# Collected data:
Content starts

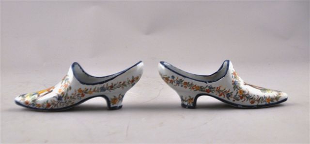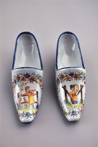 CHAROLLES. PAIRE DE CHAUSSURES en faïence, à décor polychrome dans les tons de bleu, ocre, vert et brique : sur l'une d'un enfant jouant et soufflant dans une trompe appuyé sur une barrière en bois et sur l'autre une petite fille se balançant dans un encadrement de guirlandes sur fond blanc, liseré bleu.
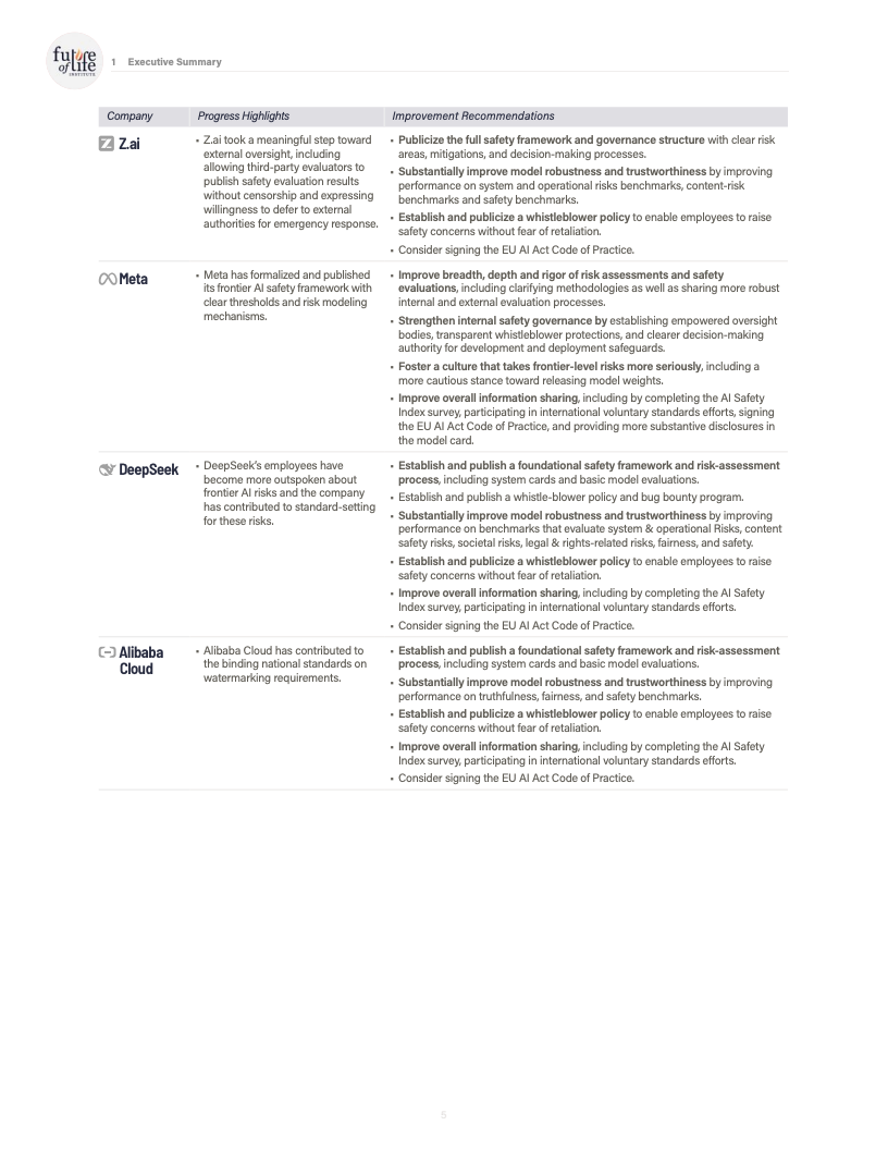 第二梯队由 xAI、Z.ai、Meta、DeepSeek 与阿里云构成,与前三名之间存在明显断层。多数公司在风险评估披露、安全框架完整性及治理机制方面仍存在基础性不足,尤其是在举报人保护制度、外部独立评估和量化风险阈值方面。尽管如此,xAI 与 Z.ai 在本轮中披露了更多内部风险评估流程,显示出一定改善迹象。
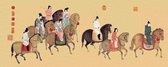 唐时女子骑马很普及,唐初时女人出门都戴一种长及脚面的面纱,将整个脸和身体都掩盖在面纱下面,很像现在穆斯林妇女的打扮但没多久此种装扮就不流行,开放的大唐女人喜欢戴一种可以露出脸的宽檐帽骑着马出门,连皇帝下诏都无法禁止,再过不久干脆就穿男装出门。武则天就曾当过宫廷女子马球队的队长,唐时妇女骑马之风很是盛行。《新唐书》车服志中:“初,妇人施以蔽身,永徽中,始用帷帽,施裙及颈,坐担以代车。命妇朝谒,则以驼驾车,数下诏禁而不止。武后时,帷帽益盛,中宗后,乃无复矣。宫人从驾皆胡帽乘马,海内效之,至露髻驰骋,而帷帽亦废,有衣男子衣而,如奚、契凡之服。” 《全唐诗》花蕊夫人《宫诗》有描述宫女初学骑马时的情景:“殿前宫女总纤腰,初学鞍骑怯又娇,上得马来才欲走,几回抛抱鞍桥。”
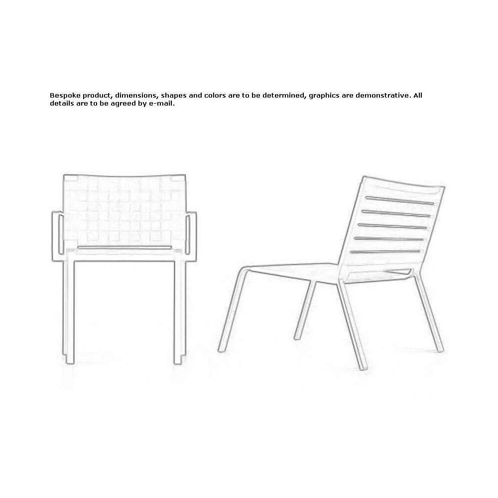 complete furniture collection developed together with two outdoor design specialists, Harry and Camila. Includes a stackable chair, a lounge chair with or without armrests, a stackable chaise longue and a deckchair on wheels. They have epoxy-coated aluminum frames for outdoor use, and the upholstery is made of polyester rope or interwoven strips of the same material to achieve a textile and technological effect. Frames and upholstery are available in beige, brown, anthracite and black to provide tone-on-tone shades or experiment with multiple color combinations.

Content ends

Write every line of the data out again exactly, leaving out all images.

# Solution to this task:
 CHAROLLES. PAIRE DE CHAUSSURES en faïence, à décor polychrome dans les tons de bleu, ocre, vert et brique : sur l'une d'un enfant jouant et soufflant dans une trompe appuyé sur une barrière en bois et sur l'autre une petite fille se balançant dans un encadrement de guirlandes sur fond blanc, liseré bleu.
 第二梯队由 xAI、Z.ai、Meta、DeepSeek 与阿里云构成,与前三名之间存在明显断层。多数公司在风险评估披露、安全框架完整性及治理机制方面仍存在基础性不足,尤其是在举报人保护制度、外部独立评估和量化风险阈值方面。尽管如此,xAI 与 Z.ai 在本轮中披露了更多内部风险评估流程,显示出一定改善迹象。
 唐时女子骑马很普及,唐初时女人出门都戴一种长及脚面的面纱,将整个脸和身体都掩盖在面纱下面,很像现在穆斯林妇女的打扮但没多久此种装扮就不流行,开放的大唐女人喜欢戴一种可以露出脸的宽檐帽骑着马出门,连皇帝下诏都无法禁止,再过不久干脆就穿男装出门。武则天就曾当过宫廷女子马球队的队长,唐时妇女骑马之风很是盛行。《新唐书》车服志中:“初,妇人施以蔽身,永徽中,始用帷帽,施裙及颈,坐担以代车。命妇朝谒,则以驼驾车,数下诏禁而不止。武后时,帷帽益盛,中宗后,乃无复矣。宫人从驾皆胡帽乘马,海内效之,至露髻驰骋,而帷帽亦废,有衣男子衣而,如奚、契凡之服。” 《全唐诗》花蕊夫人《宫诗》有描述宫女初学骑马时的情景:“殿前宫女总纤腰,初学鞍骑怯又娇,上得马来才欲走,几回抛抱鞍桥。”
 complete furniture collection developed together with two outdoor design specialists, Harry and Camila. Includes a stackable chair, a lounge chair with or without armrests, a stackable chaise longue and a deckchair on wheels. They have epoxy-coated aluminum frames for outdoor use, and the upholstery is made of polyester rope or interwoven strips of the same material to achieve a textile and technological effect. Frames and upholstery are available in beige, brown, anthracite and black to provide tone-on-tone shades or experiment with multiple color combinations.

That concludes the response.